2019-11-19 Thread Jure Erznožnik
Sorry for barging in like this, but this is actually a problem I have 
been dealing with quite a bit lately, so:


In my work I very often have to decide, depending on what's calling, 
what the rendered output might be. Ultimately I went with DRF and its 
content negotiation, though even that one - as implemented - sometimes 
isn't sufficient.


See, the problem sometimes isn't that you request JSON and then get 
JSON, request HTML and get HTML. You also have to cater for exceptions. 
Maybe a 4xx would return additional objects to insert into the DOM while 
a 200 would be fine with a JSON or even without data. What about 500?

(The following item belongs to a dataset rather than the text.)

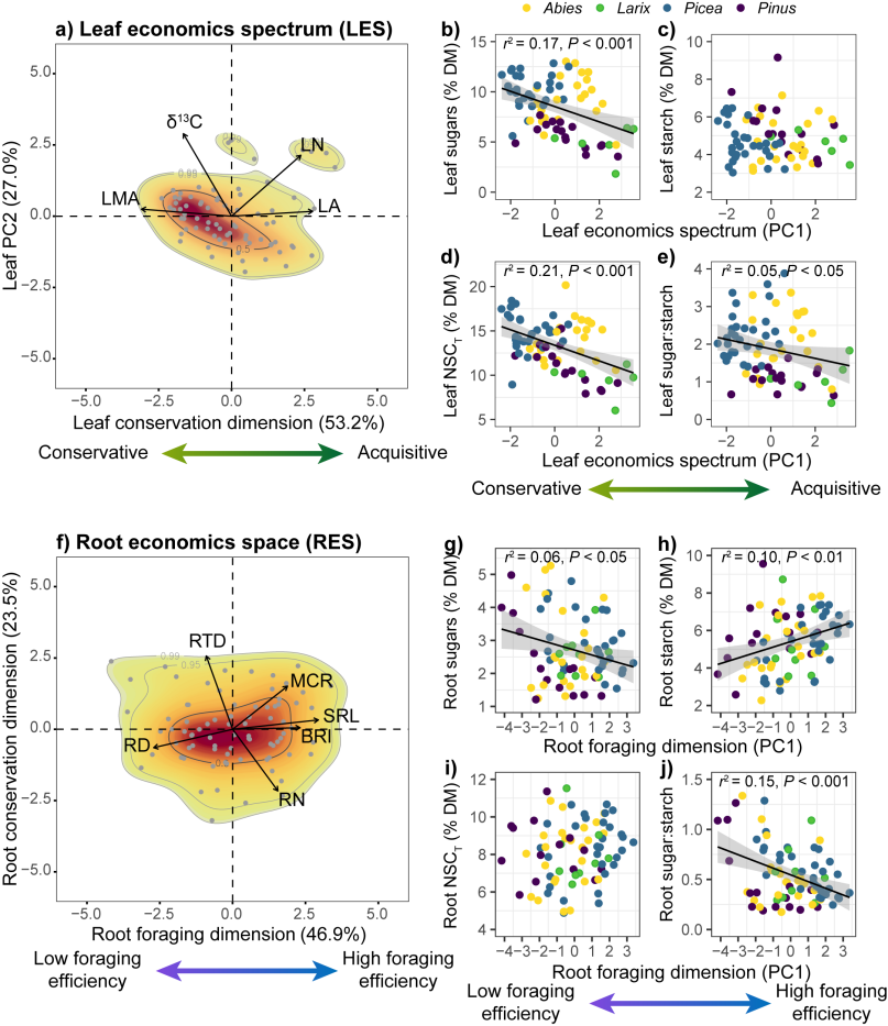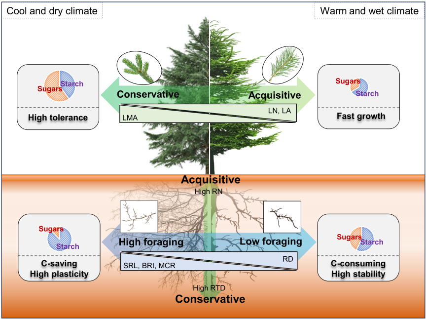 基于此,中国科学院成都生物研究所尹华军研究员团队与河南农业大学孔德良教授合作,以青藏高原高寒森林代表性针叶树种为对象(图1),通过分析叶片和细根关键功能性状、非结构性碳水化合物含量及环境因子,基于目前广泛认知的叶经济谱和根系经济空间策略框架,系统探讨了NSC与植物地上-地下经济策略间的协调关系差异及其关键环境驱动因子。研究结果表明,叶片和根系存在差异化的NSC-经济策略协调关系(图2,3)。具体地,在地上,叶片NSC含量,尤其是可溶性糖的储存,与叶经济谱的资源保守端相对应,并主要受到气温与降雨所驱动,体现了植物生长速率与低温、干旱耐受性之间的权衡。而令人意外的是,在地下,根系NSC的变化独立于细根经济谱,而NSC中两个主要组分——糖和淀粉与根系觅食维度呈现相反的协调关系,并主要由降雨所驱动,即随着降雨量减少,根系觅食效率增加,同时倾向于储存更多的淀粉和较少的糖,这表明不同NSC组分在调控细根觅食功能的投资权衡。该研究首次将植物非结构性碳纳入植物地上和地下经济策略框架,系统揭示了NSC在塑造地上和地下多维经济学性状空间中的独特作用,对于科学认识植物响应和适应环境变化的生态策略提供了新的见解。

I'm currently handling this with custom headers and the caller (the 
browser) tells the server what kind of outputs it can handle in 
different types of output.


The server then performs the branching at certain code points, 
specifically the ones mentioned above. DRF allows me to choose the 
appropriate renderer. Though I should mention here, that the data is 
already serialised at that point: sometimes this creates issues for 
renderers that might desire more information to do their work. Just 
mentioning that render stages need to be accounted for too. This may not 
be a problem for core Django as it doesn't have stages.


Again, sorry, but still hoping this helped in some way.

LP,
Jure


On 19/11/2019 01:06, Matemática A3K wrote:


I agree with Adam that it should be deprecated with no replacement.

The content negotiation is something that should be in but not as a 
replacement of it, as a general improvement.


I think there shouldn't be a replacement because "is_ajax" asks 
whether it came from a ""regular"" browser instead of jQuery and with 
the content negotiation you ask if the requester accepts a type - 
which can also lead to errors because the client may also accept other 
types (no example coming to my mind), and if so, it will lead to 
undesired behavior.


The right approach would be making AJAX requests request JSON output 
explicitly, by using a dedicated endpoint or by appending something 
that manifests their intention - like in 
https://docs.djangoproject.com/en/2.2/topics/class-based-views/mixins/#more-than-just-html 
is done with a get parameter. Not decide the response type by where it 
came from as it is unreliable as stated before, it provides 
convenience in some use cases but can lead to errors.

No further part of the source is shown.